_Exercise aim_.
Exact copy, pictures excluded: output the lines from the opening of the entries through the line bearing "團體拯救優異盾由香港消防處獲得".

_Data in this exercise_.
□ □ □ □

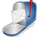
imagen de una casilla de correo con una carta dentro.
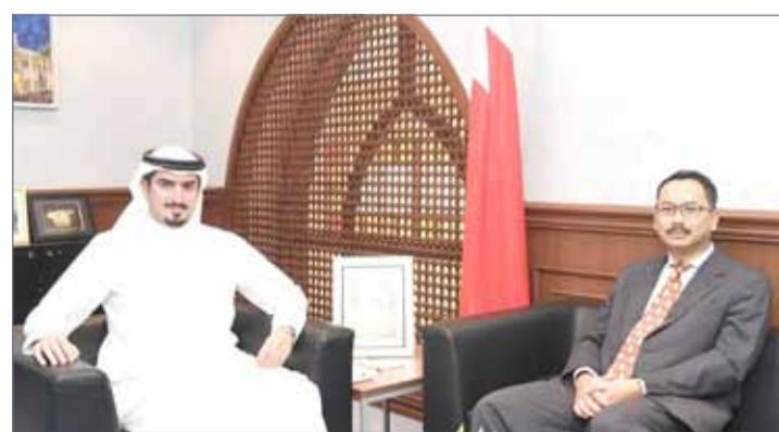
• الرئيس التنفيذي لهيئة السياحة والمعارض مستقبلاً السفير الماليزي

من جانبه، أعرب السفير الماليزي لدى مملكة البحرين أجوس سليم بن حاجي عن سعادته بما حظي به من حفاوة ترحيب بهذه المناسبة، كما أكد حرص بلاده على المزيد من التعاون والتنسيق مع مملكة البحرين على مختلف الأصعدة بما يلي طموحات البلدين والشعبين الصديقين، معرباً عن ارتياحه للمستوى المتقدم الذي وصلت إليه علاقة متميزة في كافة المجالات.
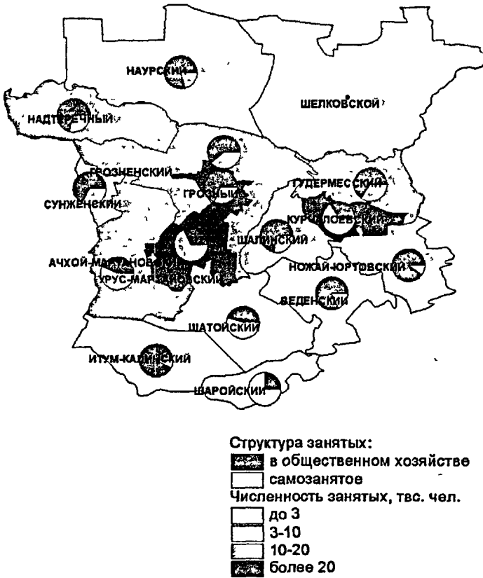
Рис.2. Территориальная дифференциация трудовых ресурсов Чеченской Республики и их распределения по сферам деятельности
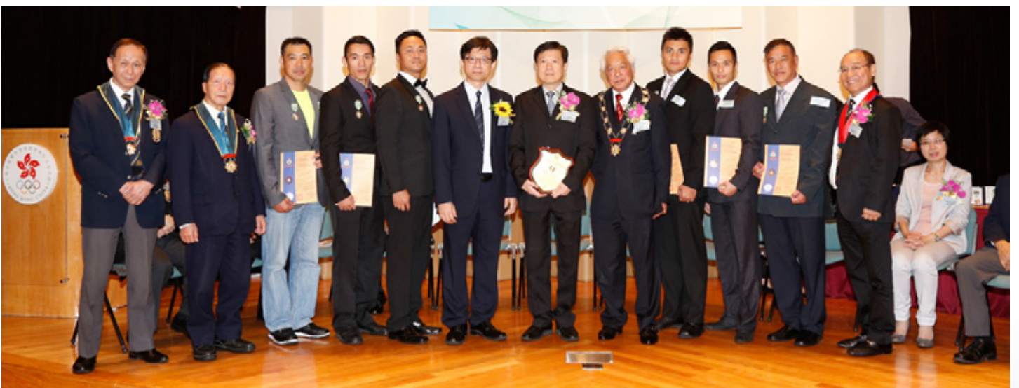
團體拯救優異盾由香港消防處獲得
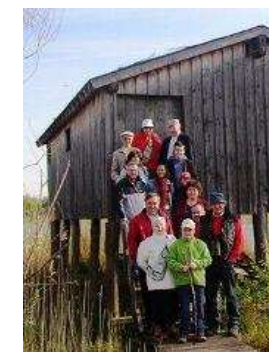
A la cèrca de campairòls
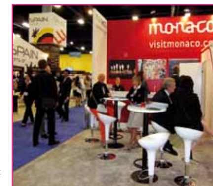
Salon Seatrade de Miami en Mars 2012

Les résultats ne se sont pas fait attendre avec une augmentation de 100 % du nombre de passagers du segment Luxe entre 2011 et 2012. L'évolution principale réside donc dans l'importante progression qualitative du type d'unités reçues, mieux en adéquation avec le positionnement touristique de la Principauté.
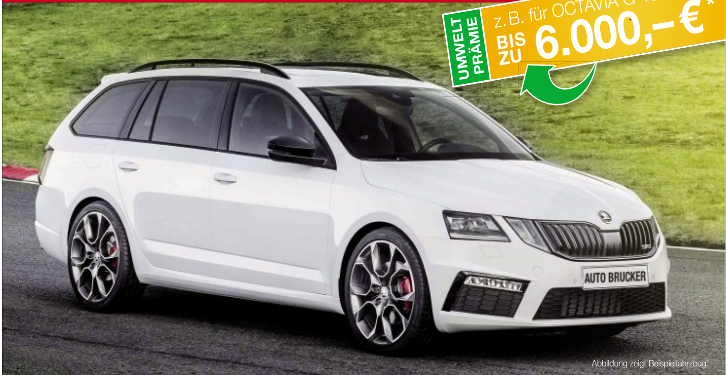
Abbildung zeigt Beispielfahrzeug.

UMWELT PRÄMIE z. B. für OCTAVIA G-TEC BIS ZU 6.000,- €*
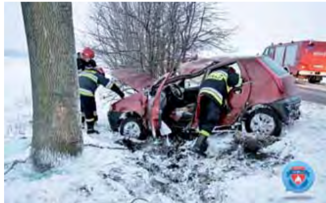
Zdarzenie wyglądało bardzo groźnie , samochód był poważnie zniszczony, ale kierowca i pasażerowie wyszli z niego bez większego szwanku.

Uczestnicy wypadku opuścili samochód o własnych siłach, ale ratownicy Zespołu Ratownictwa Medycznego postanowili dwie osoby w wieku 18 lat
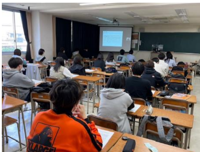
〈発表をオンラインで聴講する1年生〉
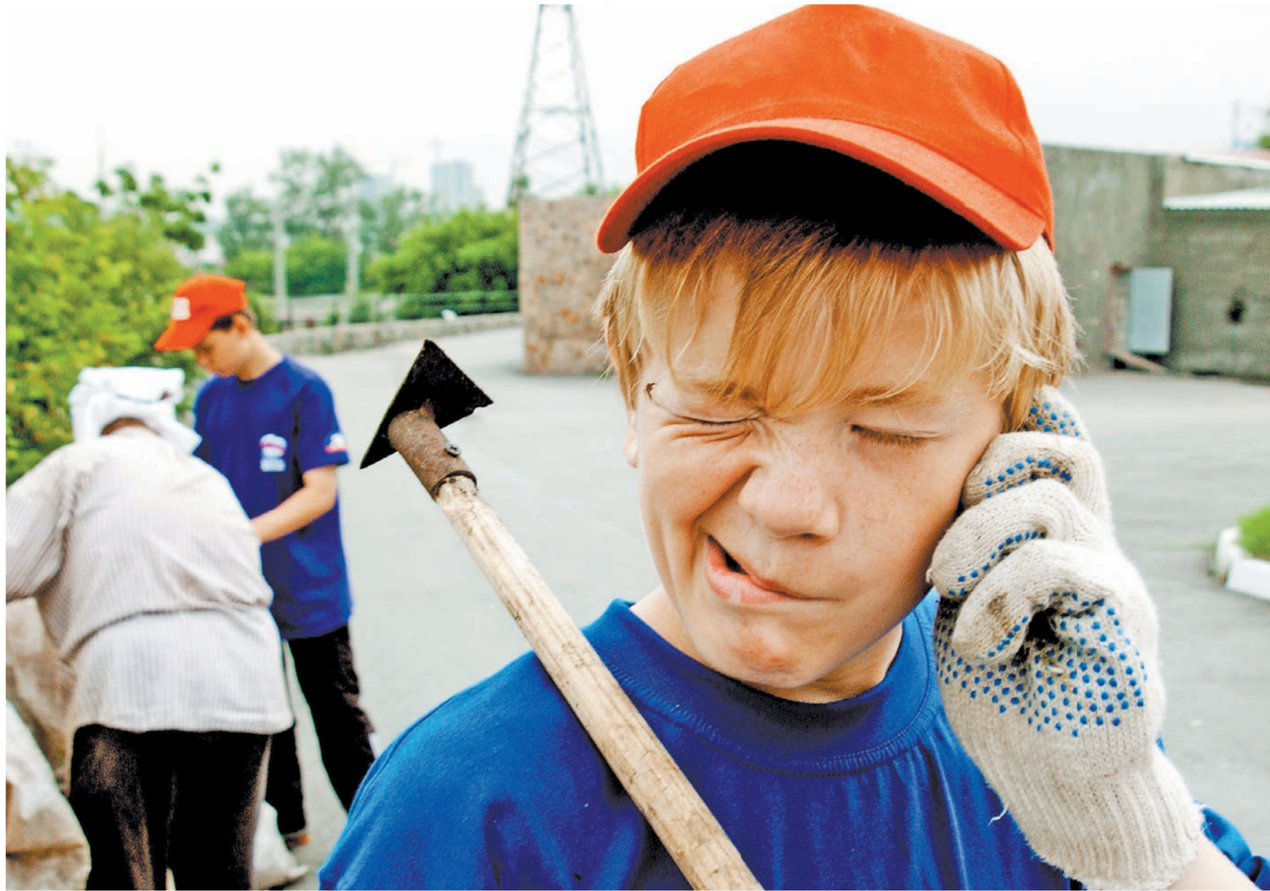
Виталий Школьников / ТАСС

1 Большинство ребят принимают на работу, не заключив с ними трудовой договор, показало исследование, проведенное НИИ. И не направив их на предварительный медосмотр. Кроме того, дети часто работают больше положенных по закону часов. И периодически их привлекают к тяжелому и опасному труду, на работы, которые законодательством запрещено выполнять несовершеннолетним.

□ □ □ □

_Your response_.
imagen de una casilla de correo con una carta dentro.
• الرئيس التنفيذي لهيئة السياحة والمعارض مستقبلاً السفير الماليزي

من جانبه، أعرب السفير الماليزي لدى مملكة البحرين أجوس سليم بن حاجي عن سعادته بما حظي به من حفاوة ترحيب بهذه المناسبة، كما أكد حرص بلاده على المزيد من التعاون والتنسيق مع مملكة البحرين على مختلف الأصعدة بما يلي طموحات البلدين والشعبين الصديقين، معرباً عن ارتياحه للمستوى المتقدم الذي وصلت إليه علاقة متميزة في كافة المجالات.
Рис.2. Территориальная дифференциация трудовых ресурсов Чеченской Республики и их распределения по сферам деятельности
團體拯救優異盾由香港消防處獲得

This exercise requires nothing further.